◆ TASK DIRECTIONS: With pictures left out, set down exactly the lines from the line containing "Dark Blue Stripe Wool Single Breasted Blazer" through the last line of the data.

◆ DATASET EXCERPT:
_ _ _ _
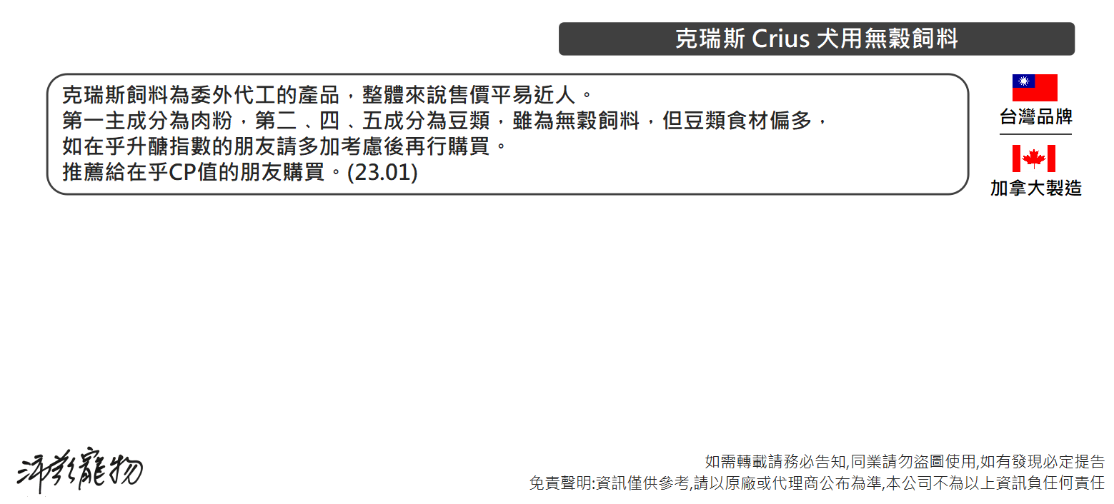 沛茲寵物【克瑞斯 Crius 犬用無穀飼料 5lb 15lb 30lb】無穀 風乾肉塊 加拿大 狗飼料 狗 飼料
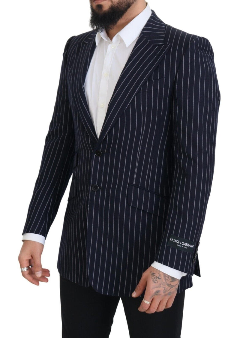Dark Blue Stripe Wool Single Breasted Blazer
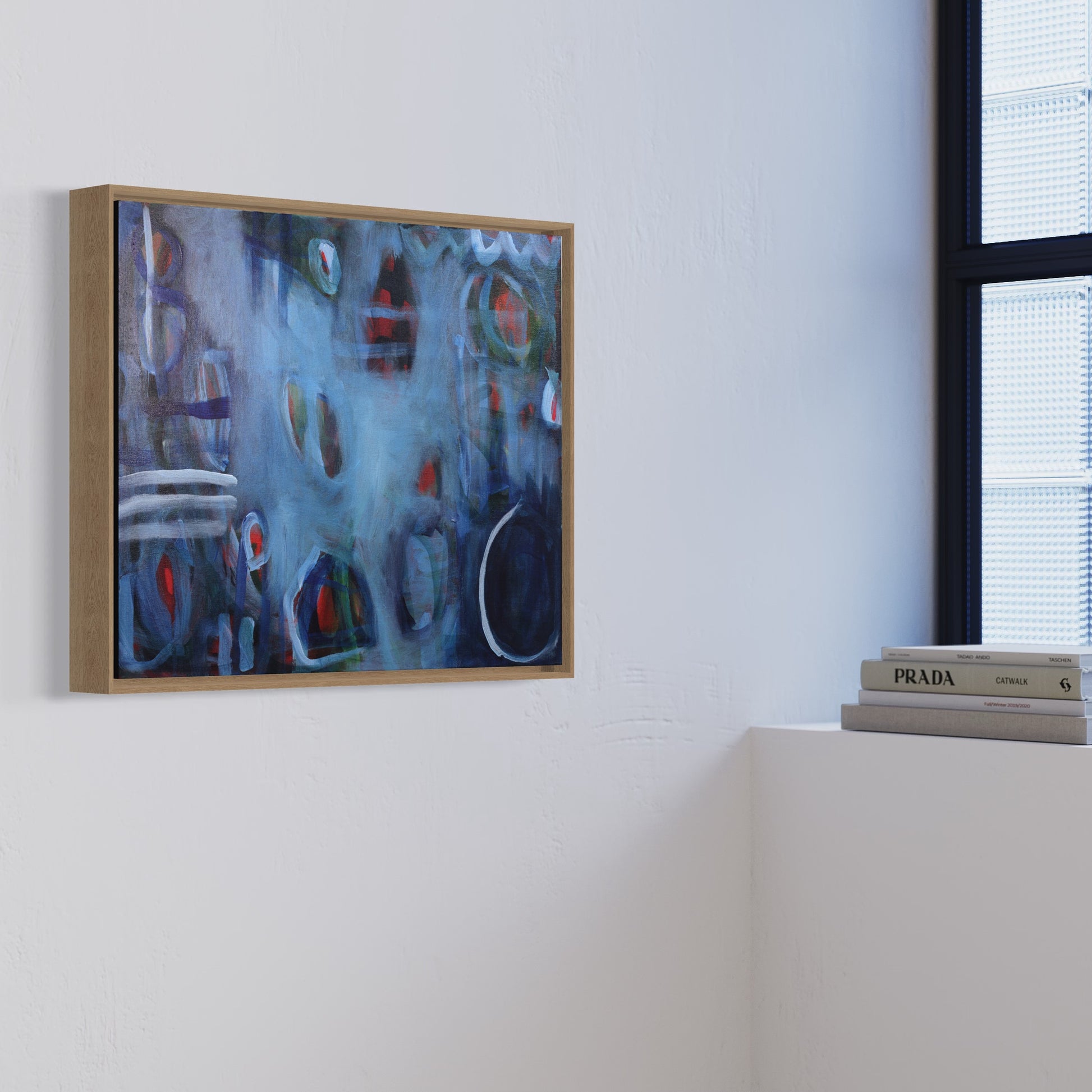 H 40cm x W 50.5cm x D 3.8cm, float framed in oak, ready to hang.
_ _ _ _
◆ RESULT OF THIS EXERCISE:
Dark Blue Stripe Wool Single Breasted Blazer
 H 40cm x W 50.5cm x D 3.8cm, float framed in oak, ready to hang.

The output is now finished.